Clinical terminology is dense and ambiguous. The same abbreviation can mean different things in different clinical contexts. "SOB" in a cardiology note means shortness of breath, not what a general language model might assume. "NAD" means no abnormality detected, not a casual dismissal. Generic AI frequently misinterprets clinical abbreviations because it lacks the domain-specific training to distinguish context.
Breach analysis requires understanding of standard of care. Identifying a potential breach isn't just about finding what went wrong — it's about understanding what should have happened according to accepted clinical practice and pinpointing where the deviation occurred. This requires specialist knowledge that general-purpose AI simply doesn't have.
Everything must be pinned to source material. In litigation, every assertion needs a citation. Not "the records suggest" but "page 47 of the Royal Melbourne Hospital discharge summary dated 14 March 2024 states..." Generic AI can't do this because it processes text as a stream, not as a structured set of source documents.
What Purpose-Built AI Actually Looks Like
The distinction isn't between "AI" and "no AI." It's between AI designed for general text generation and AI designed for specific legal workflows.
Purpose-built AI for legal practice works fundamentally differently from ChatGPT or Copilot:
- It extracts rather than generates. Instead of predicting what a chronology entry should look like, it identifies and pulls specific information from your source documents. No fabrication, because there's nothing to fabricate — it's working from the material you provide.
- Every output is pinned to source material. Page numbers, document references, dates — every finding links back to exactly where it came from. Your team can verify any entry in seconds, not minutes.
- It's structured for legal use. Chronologies come in chronology format. Breach analyses follow breach analysis structure. Intake screening captures the specific data points your practice needs, in the order your workflow expects.
- It integrates into your existing systems.
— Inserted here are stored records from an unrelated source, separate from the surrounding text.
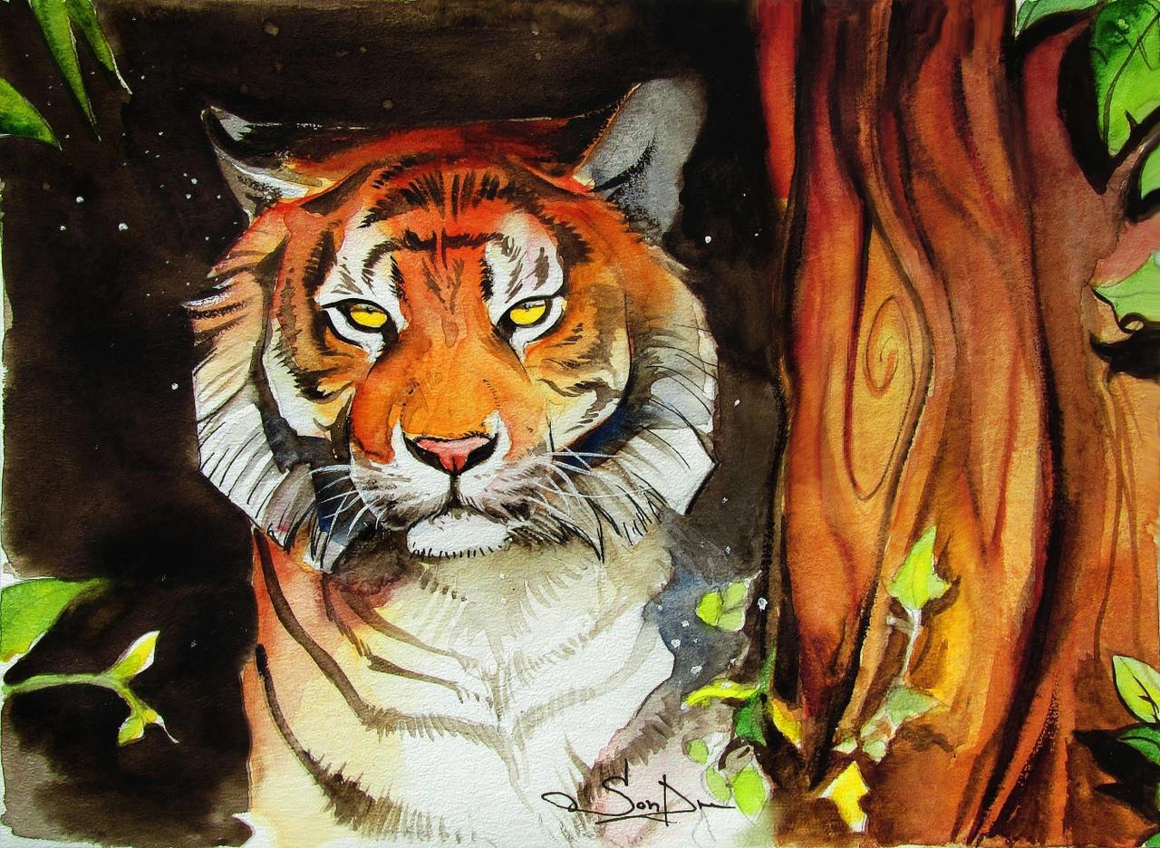 Тигр нарисован в 2014 году (второй рисунок акварелью)
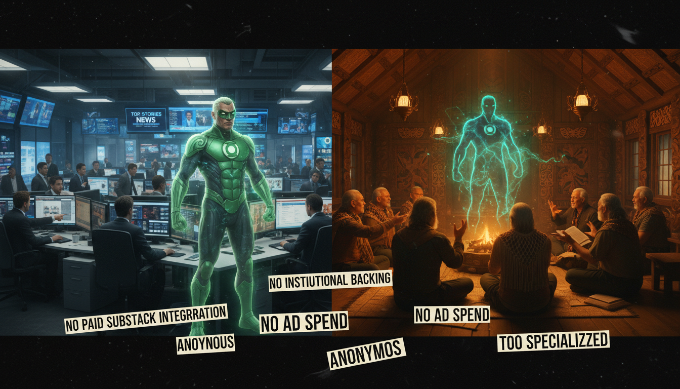 - No paid Substack integration: The Māori Green Lantern operates on inside a Koha paradigm. Substack’s algorithm deprioritizes external payment processors (Koha). No leaderboard visibility.
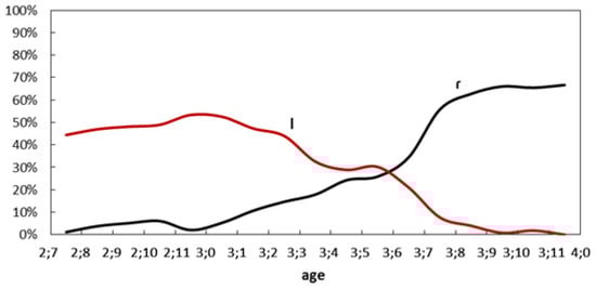There are 17 Greek words with WI /ɾ/ for a total of 245 tokens. The monthly tokens are 10 (at 2;7), 5 (2;8), 25 (2;9), 19 (2;10), 5 (2;11), 33 (3;0), 7 (3;1), 29 (3;2), 22 (3;3), 21 (3;4), 14 (3;5), 16 (3;6), 17 (3;7), 8 (3;8), 8 (3;9), 3 (3;10), and 3 (3;11). At age 2;7, Greek WI /ɾ/ is overwhelmingly substituted by [l], except when deleted. Examples of words include ρόζ [∅oz] “pink” (2;9), ρίξουμε [litsumɛ] “throw” (2;10). The monthly tokens of /ɾ/ deletions are: 1 (2;7), 1 (2;8), 2 (2;9), 1 (2;10), 0 (2;11), 2 (3;0), 1 (3;1), 4 (3;2), 3 (3;3), 2 (3;7), 1 (3;8), 1 (3;9). Deletions are evidenced in ρυζάκι [∅izaci] “rice” (diminutive) (2;7), ρωτήσω [∅otiso] “ask” (2;8), ρόδι [∅oði] “pomegranate” (3;0), ρύζι [∅izi] “rice”, ρυάκι [∅iɐci] “brook” (3;7). Figure 1 shows the child’s longitudinal development of Greek /ɾ/→[ɾ] and its main /ɾ/→[l] substitution. We can see that as /ɾ/ accuracy increases, /ɾ/→[l] recedes, creating a mirror effect. The child’s Greek /ɾ/ accuracy reaches the 70% acquisition criterion (e.g., Ingram et al. 1980) around age 3;9, as shown by the solid black line in Figure 1.

Practice management, document management, email — purpose-built automation works within the tools your team already uses, not as a separate window they have to copy-paste from.
The GP and the Surgeon
Here's the analogy your clients would understand: you wouldn't ask a GP to perform cardiac surgery. Not because GPs are incompetent — they're highly trained professionals who are excellent at what they do. But cardiac surgery requires specialist training, specialist tools, and specialist context that a general practitioner doesn't have.
ChatGPT is the GP of AI. It's genuinely capable, broadly knowledgeable, and useful for general tasks. But asking it to produce a litigation chronology from case documents is like asking a GP to operate. The confidence is there. The competence isn't.
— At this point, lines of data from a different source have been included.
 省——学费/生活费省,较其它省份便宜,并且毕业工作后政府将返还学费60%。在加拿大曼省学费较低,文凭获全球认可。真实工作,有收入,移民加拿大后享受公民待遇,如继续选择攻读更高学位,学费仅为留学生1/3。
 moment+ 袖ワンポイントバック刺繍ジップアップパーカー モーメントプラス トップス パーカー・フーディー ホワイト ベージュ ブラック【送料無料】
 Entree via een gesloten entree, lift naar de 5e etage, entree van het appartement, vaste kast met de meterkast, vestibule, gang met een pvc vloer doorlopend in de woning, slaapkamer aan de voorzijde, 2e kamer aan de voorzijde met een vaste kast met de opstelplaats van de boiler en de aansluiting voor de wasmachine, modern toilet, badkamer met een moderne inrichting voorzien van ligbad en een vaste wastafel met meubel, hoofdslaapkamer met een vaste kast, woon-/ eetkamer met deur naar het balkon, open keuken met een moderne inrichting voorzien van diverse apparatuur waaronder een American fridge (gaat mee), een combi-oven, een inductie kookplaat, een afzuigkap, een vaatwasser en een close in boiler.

You specialise because general expertise isn't enough for complex work. Your AI should do the same.
The firms that get this right aren't avoiding AI. They're using AI that's built for the specific demands of their practice — tools that understand their document types, their workflow requirements, and the non-negotiable need for source-verified, auditable outputs.
The firms that get it wrong are the ones pasting clinical records into ChatGPT and hoping for the best. Some of them haven't been caught yet. Some of them will be.